The controversy surrounding one of San Francisco's largest urban forests heated up last week during a public hearing at the Millberry Union Conference Center. Officials from UCSF faced an unusual backlash after revealing plans to cut down an number of Eucalyptus trees in an effort to revive Mount Sutro.
"Plant fascism" is the new phrase being used to describe the cutting efforts. Protestors said naturalists like John Muir and Aldo Leopold would not approve of the project.
"I just wish you would respect the forest as it is," protester Kevin King said. "Its density is one of its beauties."
King has visited Sutro Forest since he was a young child, the San Francisco Chronicle reports.
UCSF released a draft of the Mount Sutro Management Project last month. The eucalyptus trees in question, also known as Tasmanian Blue Gems, are considered by some to be invasive and disagreeable. The proposed project outlines UCSF's plan to cut as many as 60 percent of the existing trees from the reserve, in an effort to reduce wildfire risk and resort native plants to the area.

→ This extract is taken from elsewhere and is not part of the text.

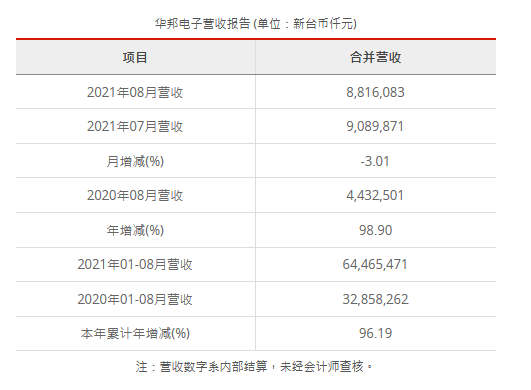 8月份合并营收为新台币88.16亿元,累计2021年1至8月合并营收为新台币644.65亿元,较去年同期增加96.19%。
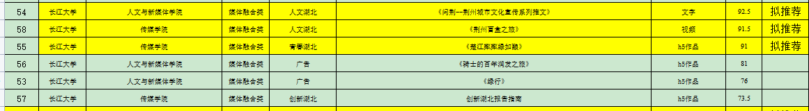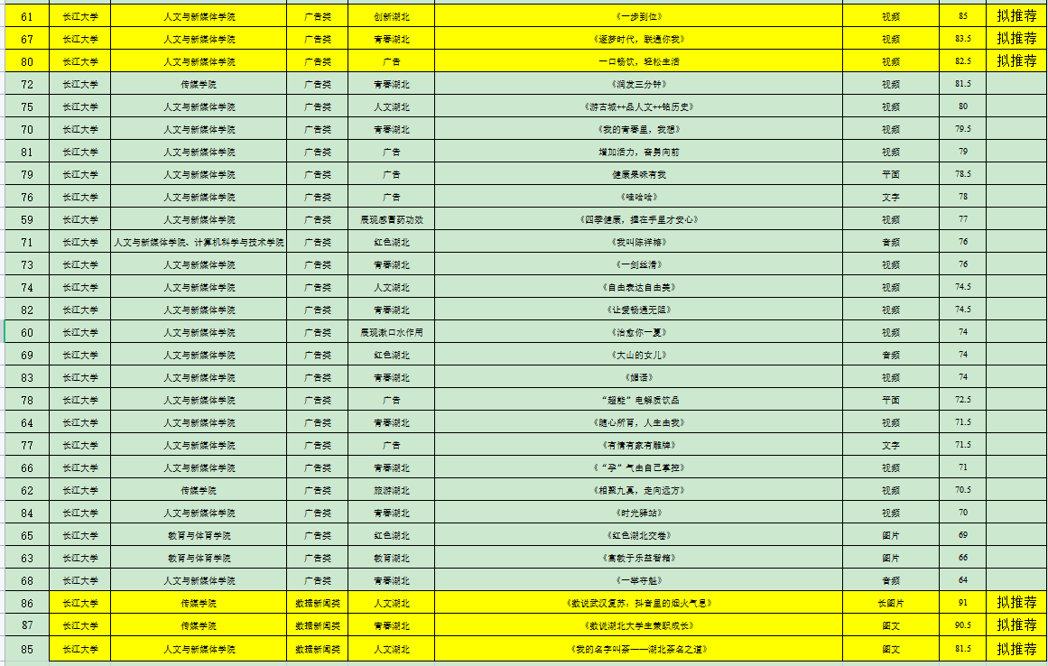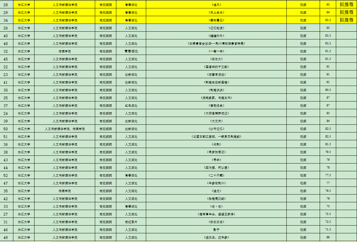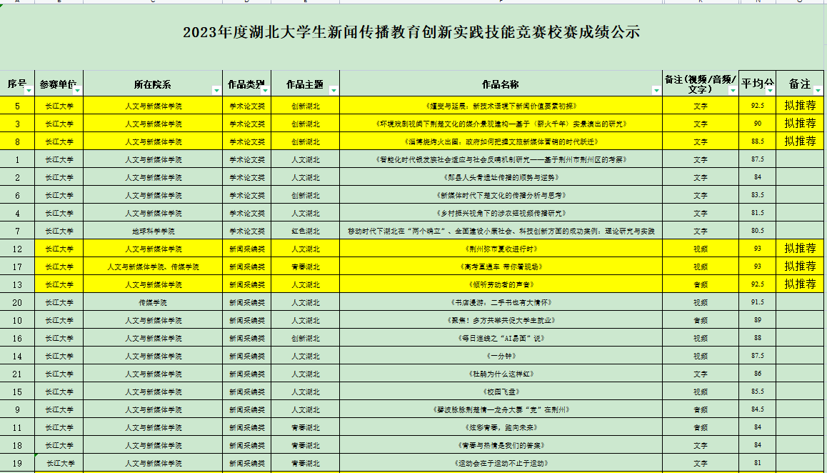 6月21日至25日,经人文学院与传媒学院商定,邀请两个学院未指导本次比赛作品的教师以及荆州广播电视台相关业内专家共计8人组织评审组,独立评审打分,综合成绩后计算平均分,从高到低进行排序,根据2023年度湖北省老员工新闻传播教育创新实践技能竞赛方案要求,每校每类别推荐不超过3项。现将结果公示如下:

"We are developing a management plan to keep the forest beautiful, accessible to the community, healthy as a forest and safe for our community and for our neighbors' homes," UCSF director of community relations Barbara Bagot-López told the San Francisco Chronicle.
Protestors take issue with the elimination of the trees and the proposed use of herbicide. The organization Save Mount Sutro Forest released a petition urging the Board of Regents of the University of California and the Chancellor of UCSF not to approve the project. It currently has over 2,000 signatures.